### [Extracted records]
..............................
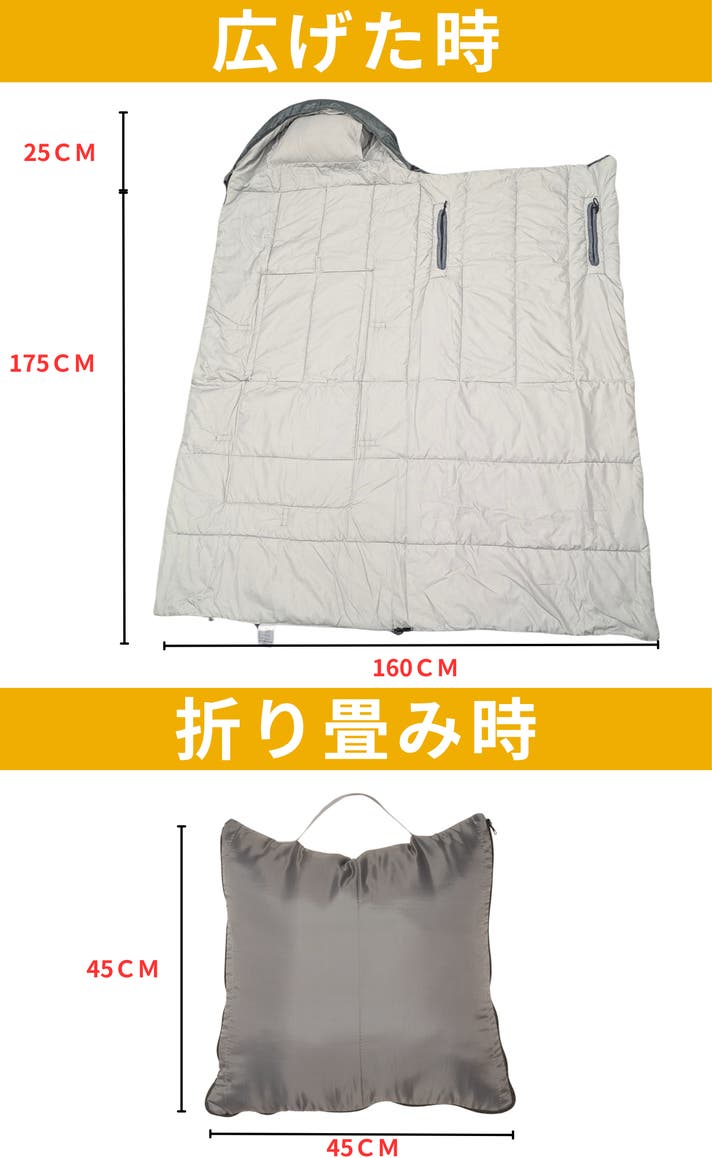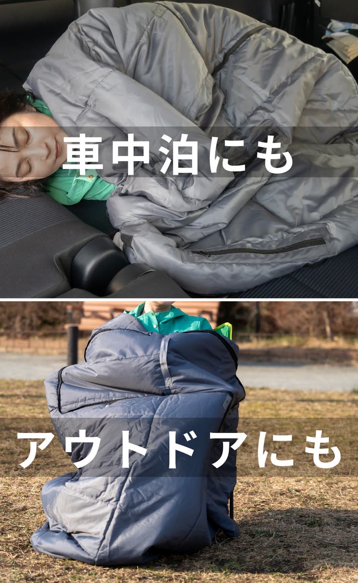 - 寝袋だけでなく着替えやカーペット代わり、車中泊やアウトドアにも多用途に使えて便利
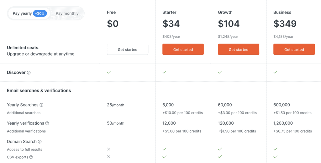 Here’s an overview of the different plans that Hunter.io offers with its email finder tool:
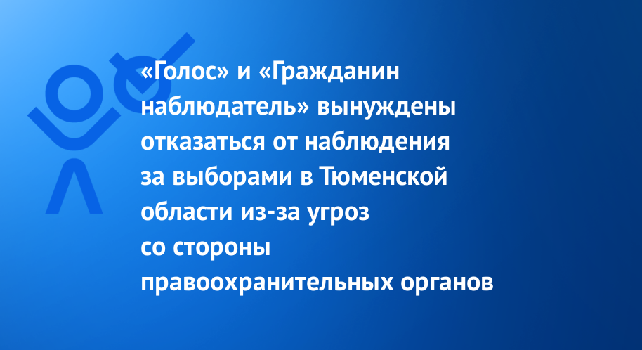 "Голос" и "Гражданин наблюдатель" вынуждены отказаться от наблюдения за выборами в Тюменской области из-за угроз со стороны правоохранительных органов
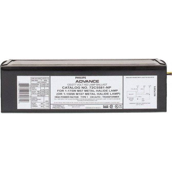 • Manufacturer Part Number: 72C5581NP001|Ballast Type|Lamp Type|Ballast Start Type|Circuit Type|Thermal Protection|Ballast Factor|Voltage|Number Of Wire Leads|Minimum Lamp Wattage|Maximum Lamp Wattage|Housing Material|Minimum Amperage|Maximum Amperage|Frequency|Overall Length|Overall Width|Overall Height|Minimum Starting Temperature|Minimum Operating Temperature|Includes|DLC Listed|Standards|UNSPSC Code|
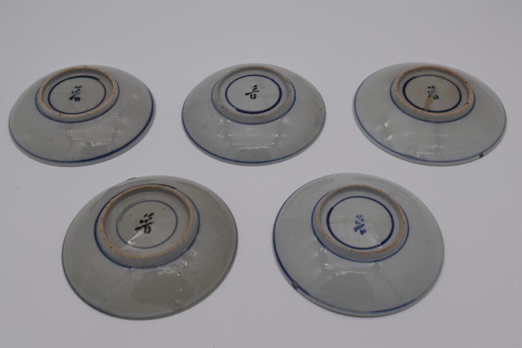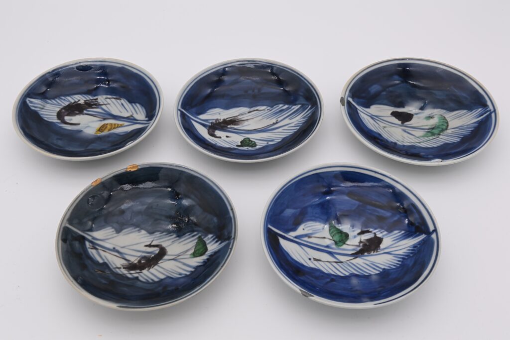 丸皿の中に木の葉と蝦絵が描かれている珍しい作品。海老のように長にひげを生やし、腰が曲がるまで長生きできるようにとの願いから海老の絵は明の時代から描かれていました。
..............................
### [TASK DIRECTIONS]
Nothing but the lines from the one containing "стороны правоохранительных органов" through the end of the entries should be written out, exactly and without pictures.

### [RESPONSE]
 "Голос" и "Гражданин наблюдатель" вынуждены отказаться от наблюдения за выборами в Тюменской области из-за угроз со стороны правоохранительных органов
 • Manufacturer Part Number: 72C5581NP001|Ballast Type|Lamp Type|Ballast Start Type|Circuit Type|Thermal Protection|Ballast Factor|Voltage|Number Of Wire Leads|Minimum Lamp Wattage|Maximum Lamp Wattage|Housing Material|Minimum Amperage|Maximum Amperage|Frequency|Overall Length|Overall Width|Overall Height|Minimum Starting Temperature|Minimum Operating Temperature|Includes|DLC Listed|Standards|UNSPSC Code|
 丸皿の中に木の葉と蝦絵が描かれている珍しい作品。海老のように長にひげを生やし、腰が曲がるまで長生きできるようにとの願いから海老の絵は明の時代から描かれていました。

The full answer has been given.